Tuesday, January 15, 2013

On Weddings

It seems that I have either recently officiated or will soon officiate several weddings, so I've been thinking a lot about what it means to get married, especially in the church. Here are a few thoughts I have compiled.

  • If you are a religious person, get married in a church, temple, synagogue, etc. I understand that it is cute and fun to get married on a beach, in a park, or in a baseball stadium, but the ceremony of marriage is a religious ceremony. If the ceremony occurs in a sanctuary of some sort, you will be surrounded by religious symbolism that will set the ceremony, and the ensuing marriage, in the proper context. I know I write this at the risk of sounding like an old fogey traditionalist, but believe it or not, there is oftentimes a good reason that a certain tradition forms.
  • Since the wedding ceremony and marriage are religious acts, don't get married if you aren't religious.

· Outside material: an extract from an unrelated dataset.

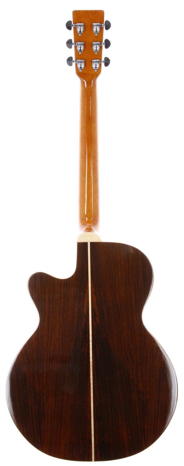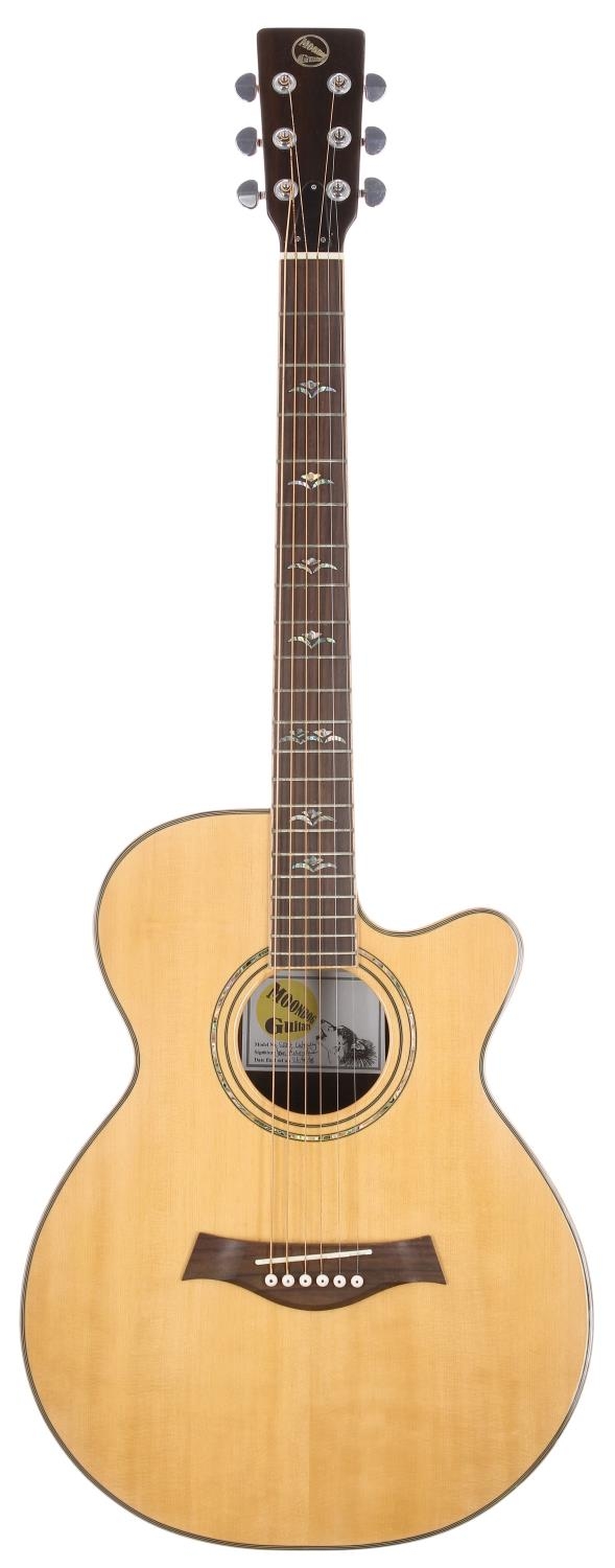 2008 Moondog Guitars Spirit cutaway acoustic guitar; Back and sides: Indian rosewood; top: natural spruce; Neck: mahogany; Fretboard: rosewood; Frets: tarnished and oxidised in places; Hardware: good; Case: compressed foam case; Overall condition: good

Somehow, what was once considered religious and sacred has bled over into the secular and state world, as the media propounds marriage as a simple fact of life that is needed if you don't want to be lonely and since the government has decided to get into the marriage business. These are only recent inventions to commandeer the religious for other reasons (see next bullet point) and, if you aren't religious, there are certainly more convenient and cheaper ways to show your commitment to your partner.

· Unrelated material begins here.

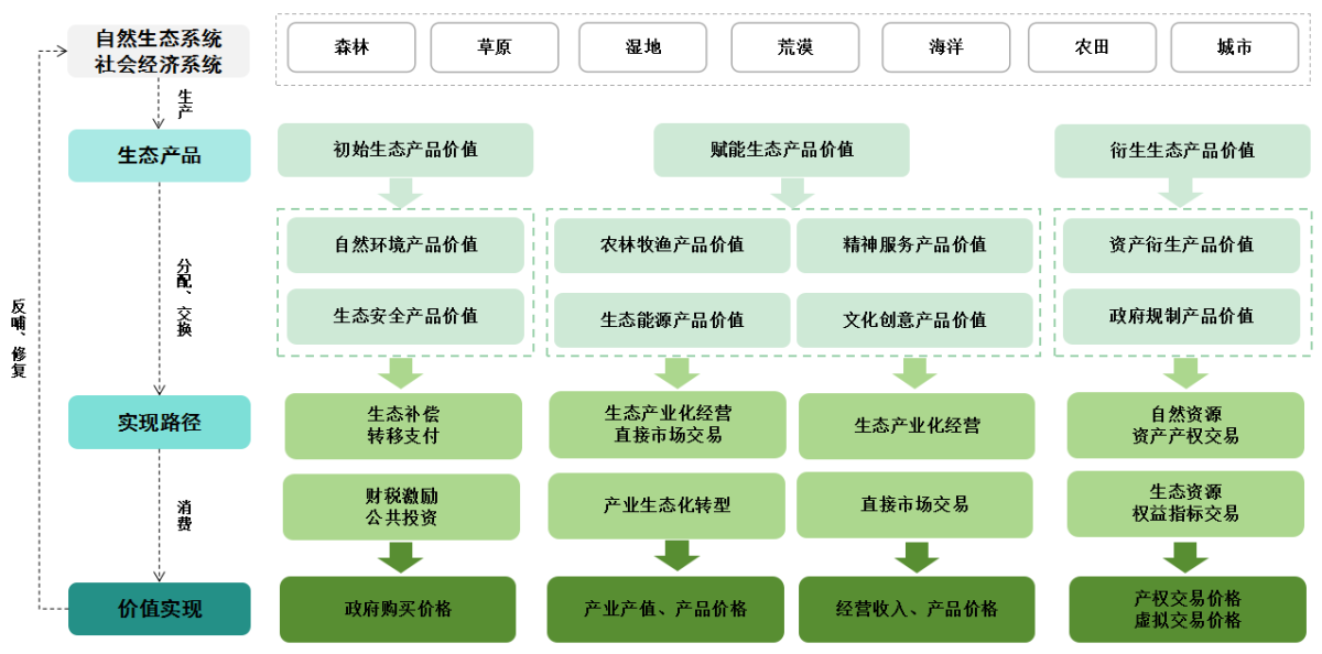 在生產(chǎn)環(huán)節(jié)中,生態(tài)產(chǎn)品的形成過程本質(zhì)上是生態(tài)生產(chǎn)和經(jīng)濟(jì)生產(chǎn)的有機融合過程,生態(tài)產(chǎn)品持續(xù)供給依賴于自然生態(tài)系統(tǒng)和社會經(jīng)濟(jì)系統(tǒng)的良性互動和協(xié)同演進(jìn)。自然生態(tài)系統(tǒng)是生產(chǎn)生態(tài)產(chǎn)品的物質(zhì)基礎(chǔ)和價值源泉,通過發(fā)揮物質(zhì)循環(huán)、能量流動和信息傳遞三大基本功能,創(chuàng)造了生態(tài)產(chǎn)品的“原始價值”或“本底價值”,這一過程即為生態(tài)生產(chǎn)過程;社會經(jīng)濟(jì)系統(tǒng)強調(diào)人類活動的重要作用,通過融入保護(hù)修復(fù)、技術(shù)創(chuàng)新、品牌賦能等人類勞動,盤活優(yōu)質(zhì)生態(tài)資源,將生態(tài)優(yōu)勢轉(zhuǎn)化為可直接進(jìn)入市場的產(chǎn)品或服務(wù),或者通過制度設(shè)計將抽象的生態(tài)價值或政策目標(biāo)轉(zhuǎn)化為可交易的權(quán)益或指標(biāo),這一過程即為經(jīng)濟(jì)生產(chǎn)過程。通過生態(tài)生產(chǎn)與經(jīng)濟(jì)生產(chǎn)將資源形態(tài)轉(zhuǎn)化為產(chǎn)品形態(tài),形成生態(tài)產(chǎn)品的初始生態(tài)產(chǎn)品價值、賦能生態(tài)產(chǎn)品價值、派生生態(tài)產(chǎn)品價值,完成生態(tài)產(chǎn)品的初級生產(chǎn)。

  • Weddings are big business. According to Wikipedia (a reliable source, I know), the wedding industry reaps $40 billion a year. Your wedding is not that special to your florist, caterer, photographer, etc. They do not care if you will have enough money to eat dinner your first week of marriage. You are a big source of revenue to them and they will try to upsell you on everything possible (I'm speaking in generalities here). And this is only a recent phenomenon. For example, the idea of the engagement ring has only been around about 100 years or so (Thanks, Cecil Rhodes). What is supposed to be a meaningful celebration of God's gift of marriage has been grossly bastardized into brides obsessing over the most extravagant bridesmaid dresses, grooms tearing up friendships over who will be the best man, and stressing over what party favor to give guests. This is not what God had in mind.
  • Marriage is not for everyone. Movies, novels, and the sentiment at the country club may indicate that your life is nothing without marriage. If you don't get married, then you must be useless and undesirable. But both Jesus and Paul were very cautious about marriage (cf. Luke 20:34-38 and 1 Cor. 7:38... not exactly passages you will hear proclaimed at the next Royal Wedding). The Bible does not see marriage as some fairy tale come true, but as a serious union with serious ramifications.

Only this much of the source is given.